* **The task**
Return, exactly and with nothing added, the line with "Elevate your jewellery" together with all lines after it through the end of the data below. No pictures belong in the copy.

##### Data shown

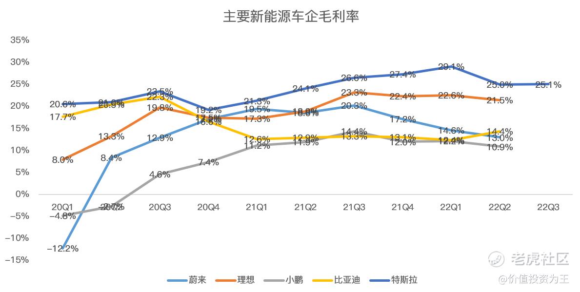 今年三季度,特斯拉的毛利率高达25%,远高于蔚小理和比亚迪,遑论零跑的负毛利率了:
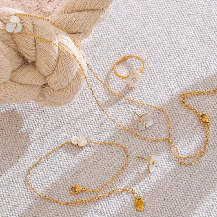 Elevate your jewellery collection with the Daizy Flower Bracelet - a sophisticated link design that embodies timeless femininity. Crafted with a repetitive motif of luminous mother-of-pearl flowers and brilliant central stones, this piece creates a delicate yet striking statement. It is the ultimate accessory for those who seek a refined, polished look with a touch of organic romance.
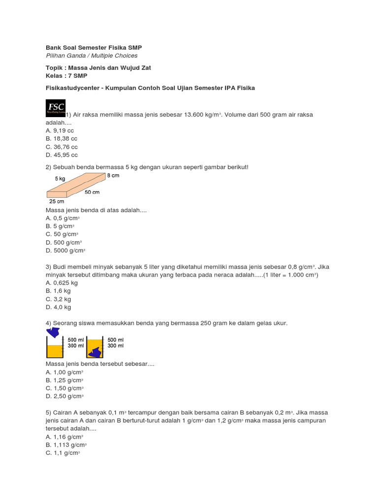 Contoh Soal Essay Massa Jenis Dan Pembahasannya Apipah Com

##########

* **Exercise result**
 Elevate your jewellery collection with the Daizy Flower Bracelet - a sophisticated link design that embodies timeless femininity. Crafted with a repetitive motif of luminous mother-of-pearl flowers and brilliant central stones, this piece creates a delicate yet striking statement. It is the ultimate accessory for those who seek a refined, polished look with a touch of organic romance.
 Contoh Soal Essay Massa Jenis Dan Pembahasannya Apipah Com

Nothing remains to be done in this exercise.